Successful remote software development in China: Tips and suggestions
Software development is hard. Requirements, designs or priorities change mid-way, people come and go, test matrices balloon in size, technologies quickly change or become obsolete, etc. It’s no wonder that many software projects fail or “finish” far short of initial expectations.
Remote software development is an order of magnitude harder: formidable obstacles like language, timezone and cultural differences are thrown into the mix. That said, remote software development has attractive benefits such as: lower labor costs, greater availability of good engineers and the potential to do development 24 hours per day.
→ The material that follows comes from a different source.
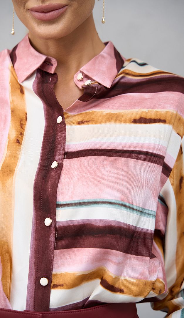Рубашка женская в полоску – оригинальное дополнение к базовому классическому гардеробу. Модель прямого свободного кроя, горловина оформлена отложным воротником-стойкой, переходящим в практическую планку-застежку на пуговицы. Рубашка женская в полоску имеет длинный свободный рукав на манжете и слегка скругленный низ. Благодаря колоритному принту ткани изделие придаст эффектности в любой женский образ.

Planning to do remote software development in China? A couple things to keep in mind that can increase your project’s probability of success:
Have bilingual and proactive individuals in your team
Some people on the remote team (at a minimum, the project managers) need to be highly bilingual – able to fluently converse and write in English and Chinese. These people must be able to pick up on the linguistic and cultural nuances of both languages – if not, it is excruciatingly difficult to build rapport and an effective partnership with the remote team. You want proactive individuals who take pride in their work and persistently drive issues to resolution; it’s all too easy for issues to fall through the cracks (intentionally, or not) when working remotely.
Be especially S.M.A.R.T.
Most of us have heard it’s important to set SMART goals: Specific, Measurable, Achievable, Realistic and Time-framed. A no-brainer isn’t it? How many people/teams practice SMART in reality? Not many. Perhaps local development teams can survive without SMART discipline. However when working with remote teams it becomes a necessity - goals, issues, work items, tasks, etc can only be communicated precisely and effectively by being SMART. For example which of these two statements do you think is more useful?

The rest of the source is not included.